Papers submitted to ICDAR 2021
In September 2021, the 16th International Conference on Document Analysis and Recognition (ICDAR) will take place in Lausanne, Switzerland. For the PERO project, we sent three papers to this conference and all them were also accepted. The first article deals with text line detection using a neural network model called ParseNet. The second article focuses on the ability to switch between different outputs of a neural network-based text recognizer using a Transcription-Style block. The last article presents a strategy for effective use of large amounts of unannotated data from a target domain when training a text recognizer.
The EGO-DOK project
The Military Historical Institute in Prague (VHÚ) has launched the EGO-DOK project, the aim of which is to digitize historical documents. After obtaining and scanning documents from institutions or private persons, the obtained data are processed using tools developed within the PERO project. The results of the processing are then handed over to the owner of the document and are also published in the Digital Study Room of the Ministry of Defense of the Czech Republic, similarly to the already processed military diaries.

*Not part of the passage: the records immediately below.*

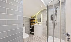 - Modern And Contemporary Bathroom Fully Tiled, WC, Wash Hand Basin & Walk In Shower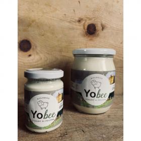 Yo bee è uno yogurt intero fatto con il latte appena munto, non omogenizzato per seguire una scheda nutrizionale, ma semplice come il latte è in giornata a seconda di quello che le pecore pascolano.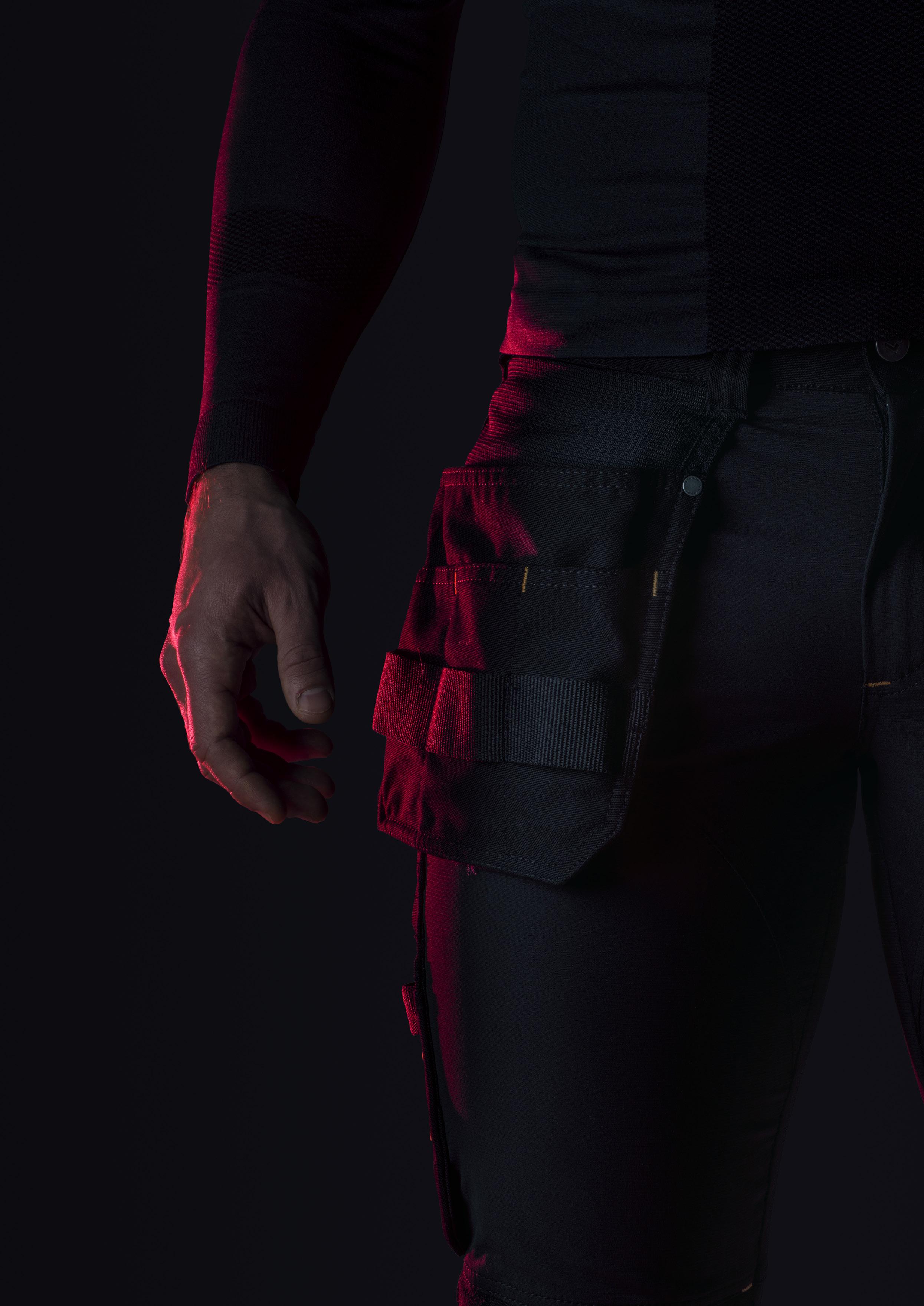 • Mukana tarranauha, jonka avulla voidaan kiinnittää myös housuihin, joissa ei ole työkalukiinnikettä.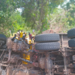 A trailer truck overturned on the Asukawkaw Mountain in the Oti Region, injuring three people in the early hours of Friday.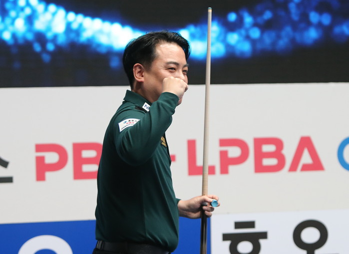 강호 강민구를 3대1로 제치고 준결승에 진출하는 조재호가 주먹을 쥐어 보이며 세러머니를 펼치고 있다[Brilliant Billiards=김철호 기자]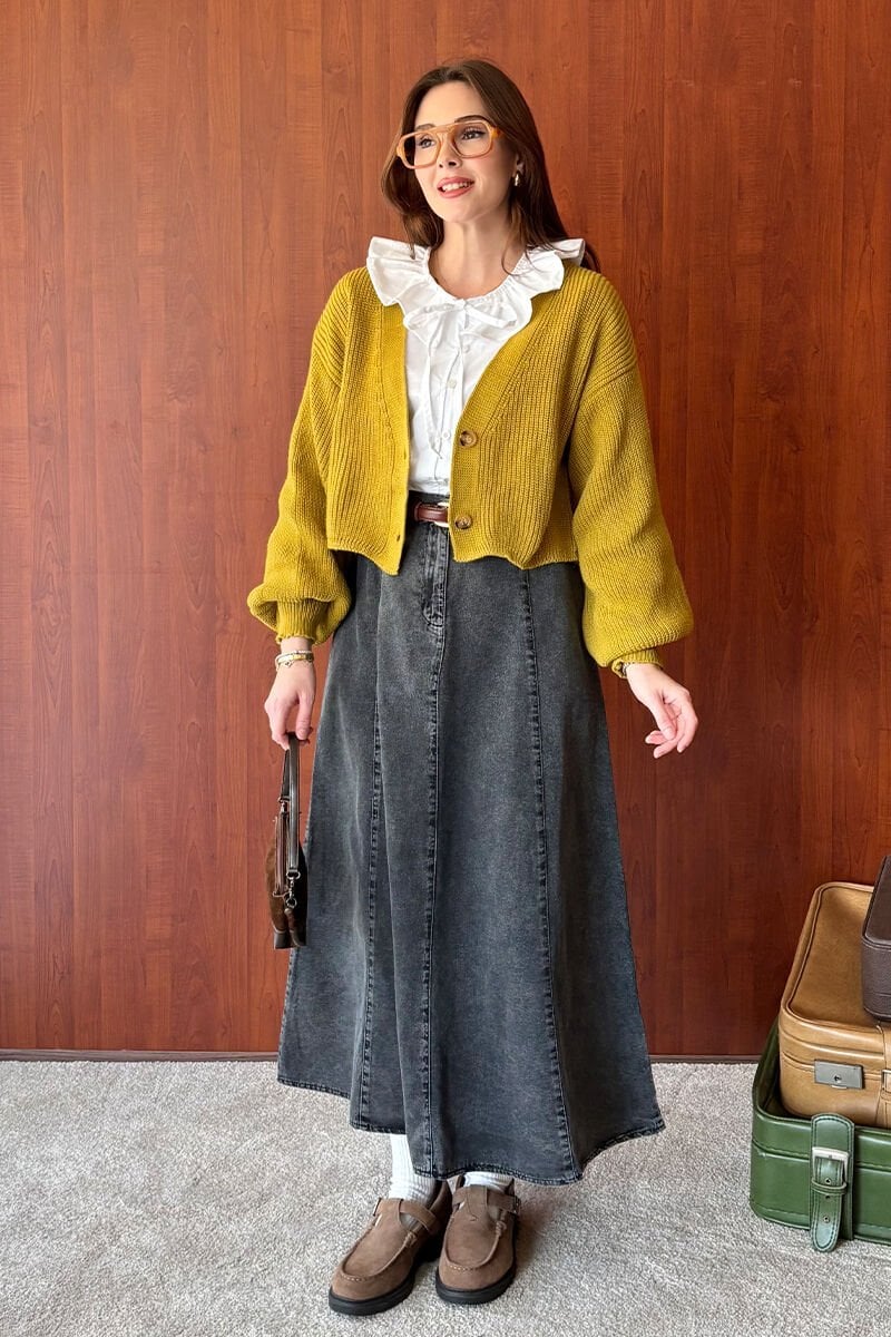 Yağ Yeşili Balon Kol Triko Hırka & Antrasit Kot Kloş Etek Takım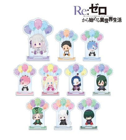 エミリア、スバル、レム、ラム、ベアトリス、ロズワール、クルシュ、オットー、エキドナ、ペテルギウスをお空に風船でぷかぷかと浮いたぬいぐるみをイメージして描き起こしました。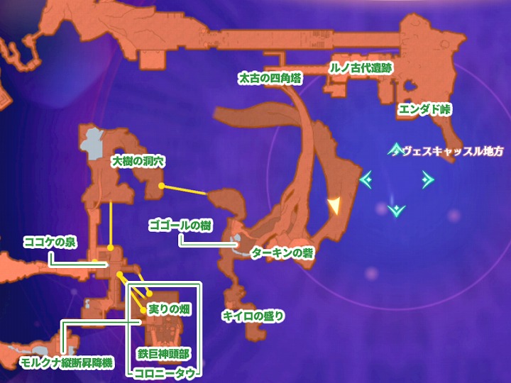 | 1 | ロンアの展望から少し東(北から回り道して行ける場所) | ・高純度のジェムストーン ・おこげシュガー ・2320G |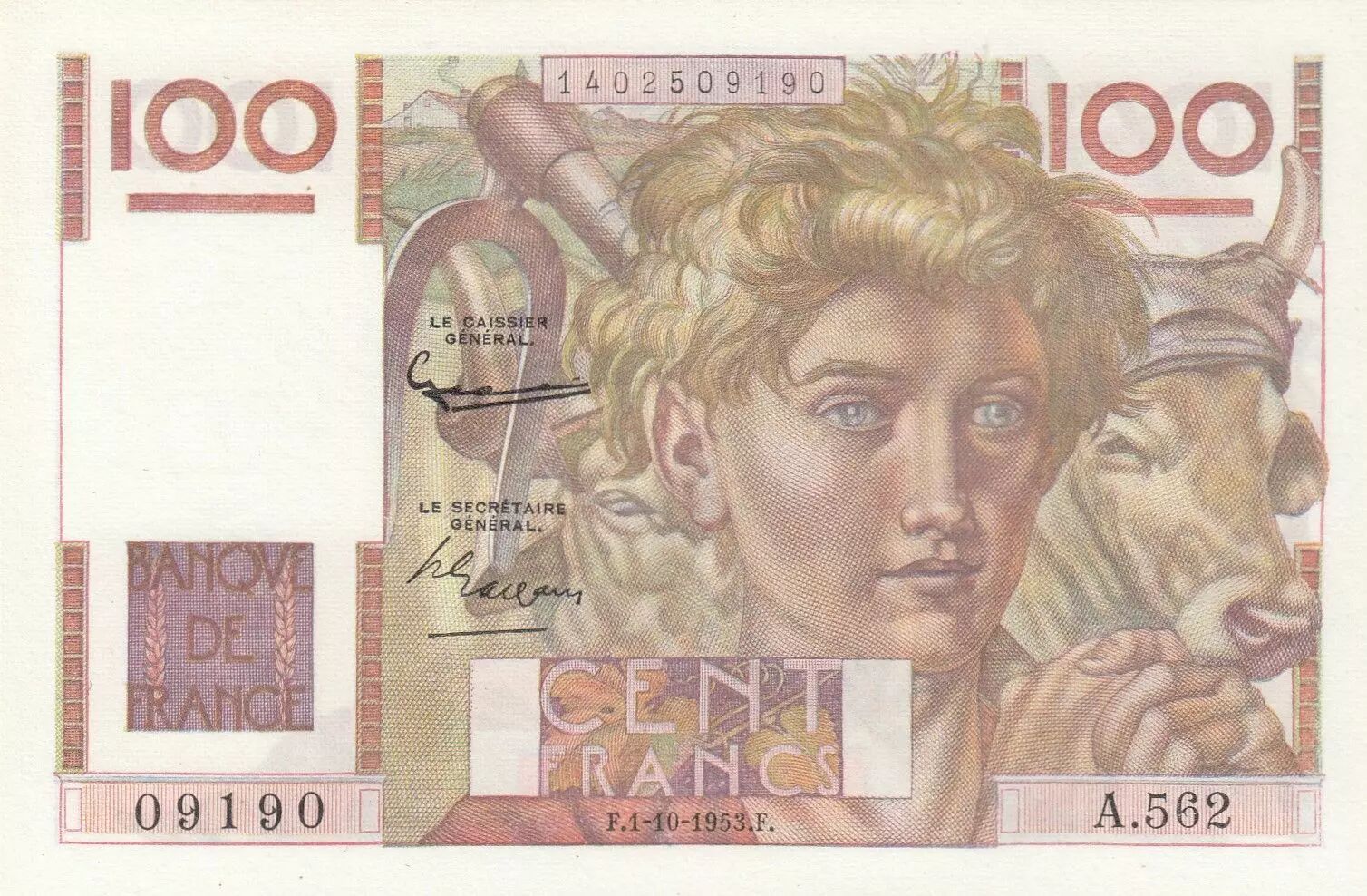Banknote France 100 Francs - Young Farmer - 01-10-1953 - Serial A.562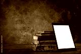 Old yellowed books with self-designed tablet computer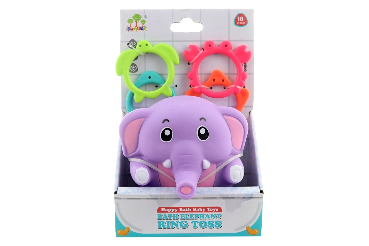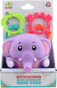 Joc distractiv pentru copiii mici, în care arunci inele pe trompa unui elefănțel drăgălaș. Susține motricitatea fină, coordonarea mână–ochi și răbdarea. Inelele colorate cu motive de animale marine invită la joacă și la învățarea formelor și culorilor. Ideal ca jucărie pentru copii de la 18 luni.

One of the organizations that use the services of our PERO-OCR automatic handwritten transcription software is Military Historical Institute in Prague (VHÚ). The result of this cooperation is a digitized military diary, which has already been imported into the Digital Study Room of the Ministry of Defense of the Czech Republic. "Můj Deňik", as this document is named, dates back to the First World War. The diary was processed using tools developed within the PERO project, and after importing into the Digital Study Room, it is possible to search in its content, or download the content of individual pages of the diary.